# [Problem to solve]
Begin at the top of the records and copy each line exactly. The line containing "Автоматический выключатель ВА47-100МА" is the last one to include.

# [Data records]
-----

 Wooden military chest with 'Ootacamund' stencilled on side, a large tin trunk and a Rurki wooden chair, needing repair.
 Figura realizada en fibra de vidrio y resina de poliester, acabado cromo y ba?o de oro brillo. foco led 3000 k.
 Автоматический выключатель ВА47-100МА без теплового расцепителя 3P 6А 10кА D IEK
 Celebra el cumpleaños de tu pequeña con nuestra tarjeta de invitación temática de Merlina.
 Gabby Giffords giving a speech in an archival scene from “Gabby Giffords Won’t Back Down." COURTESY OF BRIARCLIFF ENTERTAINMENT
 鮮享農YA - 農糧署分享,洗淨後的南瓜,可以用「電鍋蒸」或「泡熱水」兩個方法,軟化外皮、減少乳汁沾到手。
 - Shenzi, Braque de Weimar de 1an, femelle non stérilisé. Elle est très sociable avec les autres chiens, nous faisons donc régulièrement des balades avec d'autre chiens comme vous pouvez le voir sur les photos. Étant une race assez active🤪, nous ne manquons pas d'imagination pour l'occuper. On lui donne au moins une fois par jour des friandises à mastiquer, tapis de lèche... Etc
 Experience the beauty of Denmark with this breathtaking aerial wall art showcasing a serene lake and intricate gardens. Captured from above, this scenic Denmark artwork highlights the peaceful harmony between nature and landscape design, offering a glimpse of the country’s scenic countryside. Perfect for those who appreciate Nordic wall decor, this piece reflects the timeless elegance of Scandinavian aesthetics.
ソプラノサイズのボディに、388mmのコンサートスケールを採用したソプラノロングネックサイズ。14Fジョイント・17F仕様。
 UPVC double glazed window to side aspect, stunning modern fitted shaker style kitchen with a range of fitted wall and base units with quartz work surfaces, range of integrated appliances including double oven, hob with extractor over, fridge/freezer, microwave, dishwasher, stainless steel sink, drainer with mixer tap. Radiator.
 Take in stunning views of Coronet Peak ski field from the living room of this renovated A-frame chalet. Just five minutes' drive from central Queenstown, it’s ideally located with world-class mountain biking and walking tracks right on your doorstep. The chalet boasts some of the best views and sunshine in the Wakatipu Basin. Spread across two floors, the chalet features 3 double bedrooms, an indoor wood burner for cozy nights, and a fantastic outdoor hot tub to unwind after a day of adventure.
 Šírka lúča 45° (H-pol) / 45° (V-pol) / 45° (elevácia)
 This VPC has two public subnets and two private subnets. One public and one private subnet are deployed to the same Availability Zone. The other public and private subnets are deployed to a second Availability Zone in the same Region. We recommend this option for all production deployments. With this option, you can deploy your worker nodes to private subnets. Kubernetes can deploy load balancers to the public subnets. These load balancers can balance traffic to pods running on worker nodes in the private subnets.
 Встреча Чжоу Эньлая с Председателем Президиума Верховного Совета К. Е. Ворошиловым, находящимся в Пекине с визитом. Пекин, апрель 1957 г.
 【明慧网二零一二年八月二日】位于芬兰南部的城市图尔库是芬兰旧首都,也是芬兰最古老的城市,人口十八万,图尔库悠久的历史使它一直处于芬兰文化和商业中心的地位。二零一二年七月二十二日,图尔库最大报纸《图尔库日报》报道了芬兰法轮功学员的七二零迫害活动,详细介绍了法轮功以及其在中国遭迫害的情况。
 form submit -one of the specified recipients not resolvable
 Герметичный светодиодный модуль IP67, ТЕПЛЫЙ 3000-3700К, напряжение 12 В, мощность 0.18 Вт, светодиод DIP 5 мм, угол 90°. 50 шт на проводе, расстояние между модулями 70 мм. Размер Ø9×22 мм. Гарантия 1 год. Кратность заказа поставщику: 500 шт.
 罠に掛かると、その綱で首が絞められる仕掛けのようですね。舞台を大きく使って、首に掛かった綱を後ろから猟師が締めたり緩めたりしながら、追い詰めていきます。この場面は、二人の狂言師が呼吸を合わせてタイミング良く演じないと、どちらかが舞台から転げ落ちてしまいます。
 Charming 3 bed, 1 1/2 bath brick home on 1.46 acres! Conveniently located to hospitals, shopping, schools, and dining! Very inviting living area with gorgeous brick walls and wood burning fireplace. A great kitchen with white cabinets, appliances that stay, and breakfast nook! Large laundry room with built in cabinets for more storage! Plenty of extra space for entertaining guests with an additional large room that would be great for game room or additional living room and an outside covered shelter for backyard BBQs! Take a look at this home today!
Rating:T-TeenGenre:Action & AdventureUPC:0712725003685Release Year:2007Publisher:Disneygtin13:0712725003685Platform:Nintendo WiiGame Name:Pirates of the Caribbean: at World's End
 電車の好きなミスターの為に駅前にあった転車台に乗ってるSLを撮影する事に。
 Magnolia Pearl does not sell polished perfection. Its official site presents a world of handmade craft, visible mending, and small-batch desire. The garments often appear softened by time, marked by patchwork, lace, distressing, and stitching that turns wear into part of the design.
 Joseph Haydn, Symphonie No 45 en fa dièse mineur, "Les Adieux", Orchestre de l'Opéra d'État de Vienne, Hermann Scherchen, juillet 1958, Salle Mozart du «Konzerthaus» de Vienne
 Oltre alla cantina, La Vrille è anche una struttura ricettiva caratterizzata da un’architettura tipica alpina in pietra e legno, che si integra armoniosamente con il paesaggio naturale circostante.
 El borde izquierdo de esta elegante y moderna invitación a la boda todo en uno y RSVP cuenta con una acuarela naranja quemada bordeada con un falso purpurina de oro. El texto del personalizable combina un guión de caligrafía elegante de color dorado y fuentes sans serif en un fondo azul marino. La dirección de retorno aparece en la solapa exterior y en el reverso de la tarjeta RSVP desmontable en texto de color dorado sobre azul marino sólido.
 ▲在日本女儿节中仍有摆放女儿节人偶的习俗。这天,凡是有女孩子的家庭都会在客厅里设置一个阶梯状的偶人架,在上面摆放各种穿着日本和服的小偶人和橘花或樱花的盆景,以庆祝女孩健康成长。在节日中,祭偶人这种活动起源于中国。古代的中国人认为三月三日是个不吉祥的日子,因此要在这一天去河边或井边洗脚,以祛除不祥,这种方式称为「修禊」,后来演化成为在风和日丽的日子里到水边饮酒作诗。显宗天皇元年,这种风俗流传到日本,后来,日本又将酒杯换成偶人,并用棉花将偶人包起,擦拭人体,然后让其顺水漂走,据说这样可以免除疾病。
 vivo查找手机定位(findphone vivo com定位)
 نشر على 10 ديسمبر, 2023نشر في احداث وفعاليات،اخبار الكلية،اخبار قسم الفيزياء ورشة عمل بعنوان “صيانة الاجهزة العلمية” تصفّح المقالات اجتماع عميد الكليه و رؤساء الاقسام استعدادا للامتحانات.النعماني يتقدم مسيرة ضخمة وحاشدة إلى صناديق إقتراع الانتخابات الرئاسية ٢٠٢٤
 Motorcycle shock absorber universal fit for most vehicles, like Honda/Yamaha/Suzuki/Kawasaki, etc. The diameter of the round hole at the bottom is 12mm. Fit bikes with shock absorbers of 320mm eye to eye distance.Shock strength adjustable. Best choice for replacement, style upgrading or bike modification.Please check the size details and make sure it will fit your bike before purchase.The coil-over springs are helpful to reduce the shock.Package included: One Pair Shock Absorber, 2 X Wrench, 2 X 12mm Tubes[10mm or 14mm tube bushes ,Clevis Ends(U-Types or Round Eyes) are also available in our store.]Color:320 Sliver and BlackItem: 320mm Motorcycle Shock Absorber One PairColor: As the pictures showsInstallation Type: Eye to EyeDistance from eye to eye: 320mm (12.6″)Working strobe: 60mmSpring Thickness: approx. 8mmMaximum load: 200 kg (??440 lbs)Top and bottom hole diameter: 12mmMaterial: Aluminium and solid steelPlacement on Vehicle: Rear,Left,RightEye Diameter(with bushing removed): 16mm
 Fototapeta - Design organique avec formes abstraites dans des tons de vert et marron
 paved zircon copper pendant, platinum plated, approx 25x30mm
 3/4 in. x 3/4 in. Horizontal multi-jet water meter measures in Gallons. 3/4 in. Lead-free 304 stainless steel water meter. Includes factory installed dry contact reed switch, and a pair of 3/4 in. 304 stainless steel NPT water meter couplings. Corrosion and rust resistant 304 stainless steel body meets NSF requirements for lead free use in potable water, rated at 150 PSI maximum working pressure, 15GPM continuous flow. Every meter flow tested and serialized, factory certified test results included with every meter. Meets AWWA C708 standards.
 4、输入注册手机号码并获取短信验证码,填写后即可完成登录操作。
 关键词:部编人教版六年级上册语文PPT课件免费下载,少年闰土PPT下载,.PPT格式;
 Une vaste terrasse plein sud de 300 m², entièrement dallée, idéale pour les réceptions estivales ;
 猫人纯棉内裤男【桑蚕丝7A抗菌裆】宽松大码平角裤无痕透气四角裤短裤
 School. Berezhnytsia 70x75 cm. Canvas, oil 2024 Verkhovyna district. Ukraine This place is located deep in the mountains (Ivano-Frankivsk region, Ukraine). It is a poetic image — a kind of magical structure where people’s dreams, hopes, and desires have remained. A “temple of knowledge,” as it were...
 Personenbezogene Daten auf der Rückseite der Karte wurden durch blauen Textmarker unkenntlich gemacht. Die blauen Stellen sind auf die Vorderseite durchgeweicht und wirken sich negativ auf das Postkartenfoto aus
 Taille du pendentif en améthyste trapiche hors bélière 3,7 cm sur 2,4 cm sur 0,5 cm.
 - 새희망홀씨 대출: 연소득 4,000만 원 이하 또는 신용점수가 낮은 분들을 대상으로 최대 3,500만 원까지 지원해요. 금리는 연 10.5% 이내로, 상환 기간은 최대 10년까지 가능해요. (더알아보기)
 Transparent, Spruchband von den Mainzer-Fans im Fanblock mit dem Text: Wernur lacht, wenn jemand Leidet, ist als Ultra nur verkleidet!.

-----

# [Task answer]
 Wooden military chest with 'Ootacamund' stencilled on side, a large tin trunk and a Rurki wooden chair, needing repair.
 Figura realizada en fibra de vidrio y resina de poliester, acabado cromo y ba?o de oro brillo. foco led 3000 k.
 Автоматический выключатель ВА47-100МА без теплового расцепителя 3P 6А 10кА D IEK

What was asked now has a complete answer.